*Directions for this task*
Transcribe the listing below only from the line with "テープラインが特徴のコーデュロイ素材のパンツ。" up to and including the line with "Exposed wood armrests".

[[ Input records open ]]

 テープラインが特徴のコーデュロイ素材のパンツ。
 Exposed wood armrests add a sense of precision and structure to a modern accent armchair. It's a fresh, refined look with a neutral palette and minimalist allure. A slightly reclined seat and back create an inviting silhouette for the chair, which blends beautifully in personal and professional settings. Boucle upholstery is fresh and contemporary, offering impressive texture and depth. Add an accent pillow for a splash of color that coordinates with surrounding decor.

[[ Input records closed ]]
[[ Input records open ]]

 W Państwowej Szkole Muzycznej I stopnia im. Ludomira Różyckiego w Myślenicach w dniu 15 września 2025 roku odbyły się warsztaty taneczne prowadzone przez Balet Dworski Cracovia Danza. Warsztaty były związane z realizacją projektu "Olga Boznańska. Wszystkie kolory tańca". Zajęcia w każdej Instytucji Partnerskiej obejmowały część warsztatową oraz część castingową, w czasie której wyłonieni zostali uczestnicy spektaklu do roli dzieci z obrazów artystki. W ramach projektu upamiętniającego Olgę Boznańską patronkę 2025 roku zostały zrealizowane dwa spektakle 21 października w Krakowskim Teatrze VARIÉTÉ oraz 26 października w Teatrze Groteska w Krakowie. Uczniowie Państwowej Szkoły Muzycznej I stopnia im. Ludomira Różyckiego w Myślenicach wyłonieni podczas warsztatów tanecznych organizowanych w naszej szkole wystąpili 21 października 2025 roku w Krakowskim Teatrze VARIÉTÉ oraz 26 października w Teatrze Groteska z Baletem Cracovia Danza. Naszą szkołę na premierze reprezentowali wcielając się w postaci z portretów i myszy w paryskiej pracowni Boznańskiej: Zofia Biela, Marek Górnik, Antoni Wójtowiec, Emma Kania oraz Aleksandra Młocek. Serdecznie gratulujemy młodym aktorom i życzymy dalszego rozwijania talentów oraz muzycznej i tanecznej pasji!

[[ Input records closed ]]
[[ Input records open ]]

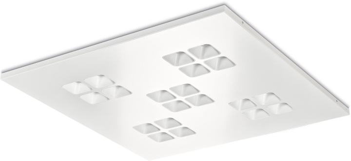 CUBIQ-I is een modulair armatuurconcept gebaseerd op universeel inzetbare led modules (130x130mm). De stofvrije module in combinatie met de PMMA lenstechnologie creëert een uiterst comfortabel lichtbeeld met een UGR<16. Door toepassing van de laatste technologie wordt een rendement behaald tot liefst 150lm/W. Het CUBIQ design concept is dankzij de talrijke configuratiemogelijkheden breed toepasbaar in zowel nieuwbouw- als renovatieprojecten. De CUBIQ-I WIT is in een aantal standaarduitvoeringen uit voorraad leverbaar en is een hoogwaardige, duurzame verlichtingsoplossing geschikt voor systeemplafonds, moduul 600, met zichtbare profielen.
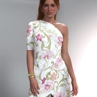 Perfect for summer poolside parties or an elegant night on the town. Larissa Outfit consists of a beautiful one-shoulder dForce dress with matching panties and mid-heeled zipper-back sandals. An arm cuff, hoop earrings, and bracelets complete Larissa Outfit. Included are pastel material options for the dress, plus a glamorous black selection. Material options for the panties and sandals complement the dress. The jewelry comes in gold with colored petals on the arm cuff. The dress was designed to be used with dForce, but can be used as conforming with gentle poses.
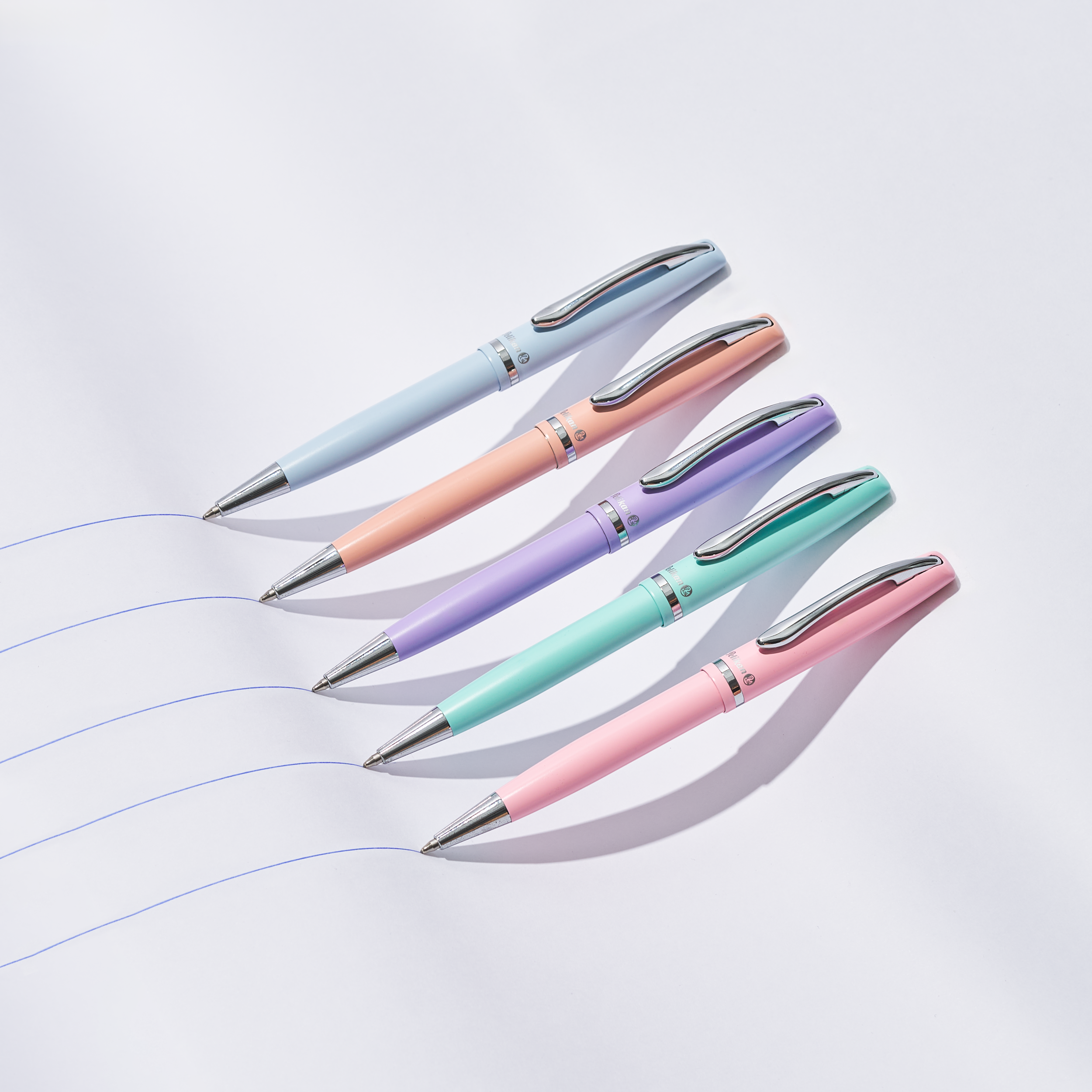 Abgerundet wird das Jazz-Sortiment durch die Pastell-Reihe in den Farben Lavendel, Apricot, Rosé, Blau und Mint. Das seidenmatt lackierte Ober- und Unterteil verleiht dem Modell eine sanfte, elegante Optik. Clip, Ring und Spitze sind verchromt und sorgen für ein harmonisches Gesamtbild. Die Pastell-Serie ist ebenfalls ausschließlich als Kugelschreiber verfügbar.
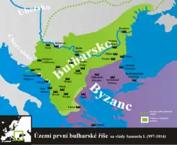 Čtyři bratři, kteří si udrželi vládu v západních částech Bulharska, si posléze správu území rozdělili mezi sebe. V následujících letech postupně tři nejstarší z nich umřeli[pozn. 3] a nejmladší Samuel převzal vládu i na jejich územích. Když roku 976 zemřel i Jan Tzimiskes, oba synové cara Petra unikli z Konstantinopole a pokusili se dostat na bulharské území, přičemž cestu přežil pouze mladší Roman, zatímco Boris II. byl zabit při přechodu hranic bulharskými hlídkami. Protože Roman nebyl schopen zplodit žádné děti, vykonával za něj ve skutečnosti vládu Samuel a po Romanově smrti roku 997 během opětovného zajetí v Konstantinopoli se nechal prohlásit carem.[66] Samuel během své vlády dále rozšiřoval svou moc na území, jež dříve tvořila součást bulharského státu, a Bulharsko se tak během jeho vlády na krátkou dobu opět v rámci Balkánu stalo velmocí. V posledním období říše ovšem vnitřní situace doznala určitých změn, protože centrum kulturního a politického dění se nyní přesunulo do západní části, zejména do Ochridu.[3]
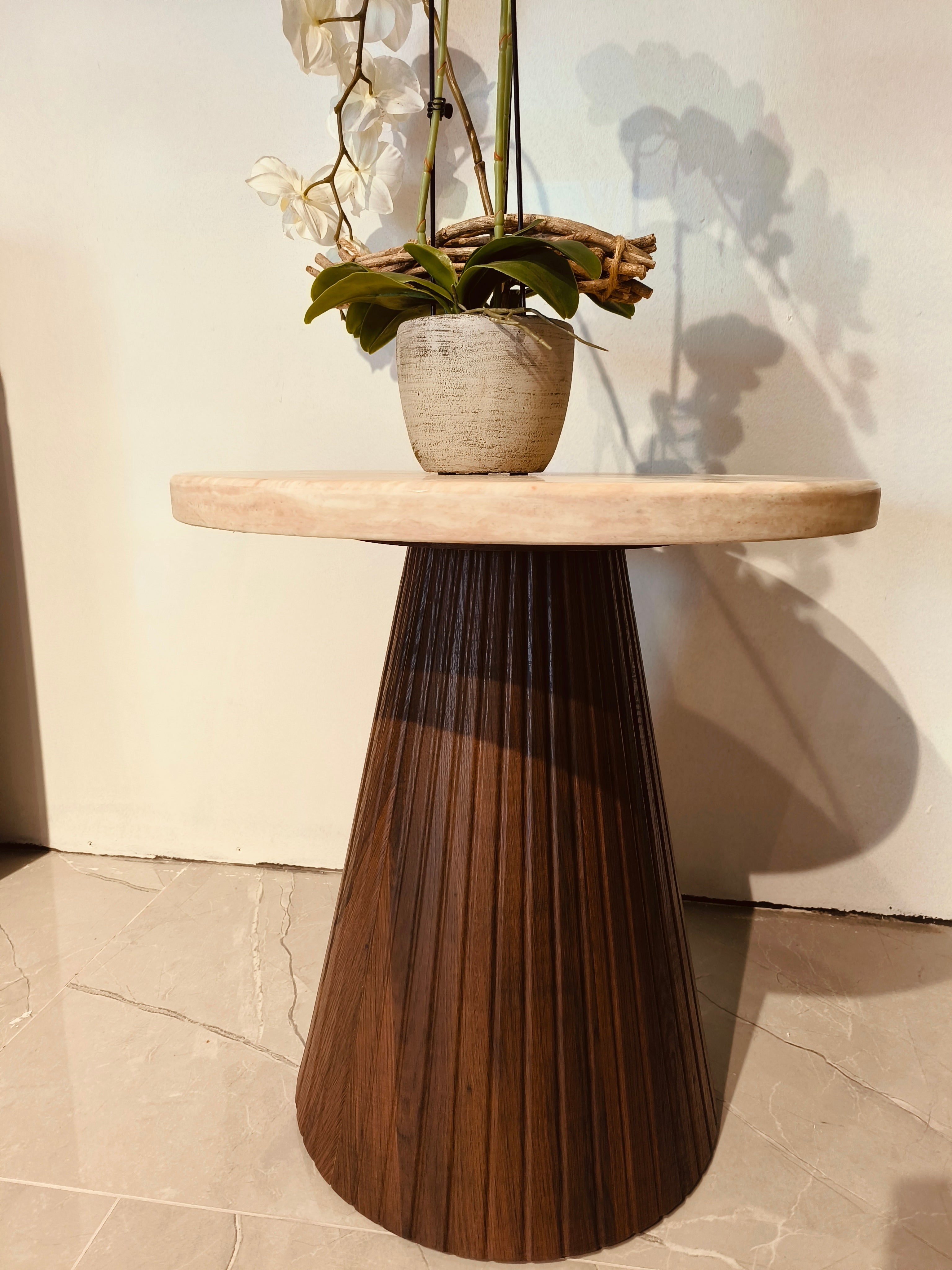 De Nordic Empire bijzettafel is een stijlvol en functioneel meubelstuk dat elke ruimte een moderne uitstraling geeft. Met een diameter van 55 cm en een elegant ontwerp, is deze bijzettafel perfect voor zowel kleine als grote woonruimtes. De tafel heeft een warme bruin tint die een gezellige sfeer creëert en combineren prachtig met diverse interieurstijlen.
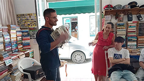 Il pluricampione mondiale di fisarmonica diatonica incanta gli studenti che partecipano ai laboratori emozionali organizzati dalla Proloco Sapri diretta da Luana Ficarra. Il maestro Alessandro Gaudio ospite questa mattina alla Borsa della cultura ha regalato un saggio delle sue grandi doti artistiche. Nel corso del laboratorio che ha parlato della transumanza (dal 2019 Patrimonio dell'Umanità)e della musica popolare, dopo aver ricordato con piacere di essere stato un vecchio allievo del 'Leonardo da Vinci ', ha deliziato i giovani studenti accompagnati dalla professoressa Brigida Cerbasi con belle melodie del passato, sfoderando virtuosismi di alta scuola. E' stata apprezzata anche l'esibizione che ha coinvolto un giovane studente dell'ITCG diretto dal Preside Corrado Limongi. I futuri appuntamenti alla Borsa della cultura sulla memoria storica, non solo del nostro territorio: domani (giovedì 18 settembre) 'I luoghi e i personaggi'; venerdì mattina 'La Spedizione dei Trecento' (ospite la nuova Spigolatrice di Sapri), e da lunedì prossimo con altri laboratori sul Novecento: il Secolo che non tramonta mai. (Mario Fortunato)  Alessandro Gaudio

[[ Input records closed ]]

*Answer area*
 テープラインが特徴のコーデュロイ素材のパンツ。
 Exposed wood armrests add a sense of precision and structure to a modern accent armchair. It's a fresh, refined look with a neutral palette and minimalist allure. A slightly reclined seat and back create an inviting silhouette for the chair, which blends beautifully in personal and professional settings. Boucle upholstery is fresh and contemporary, offering impressive texture and depth. Add an accent pillow for a splash of color that coordinates with surrounding decor.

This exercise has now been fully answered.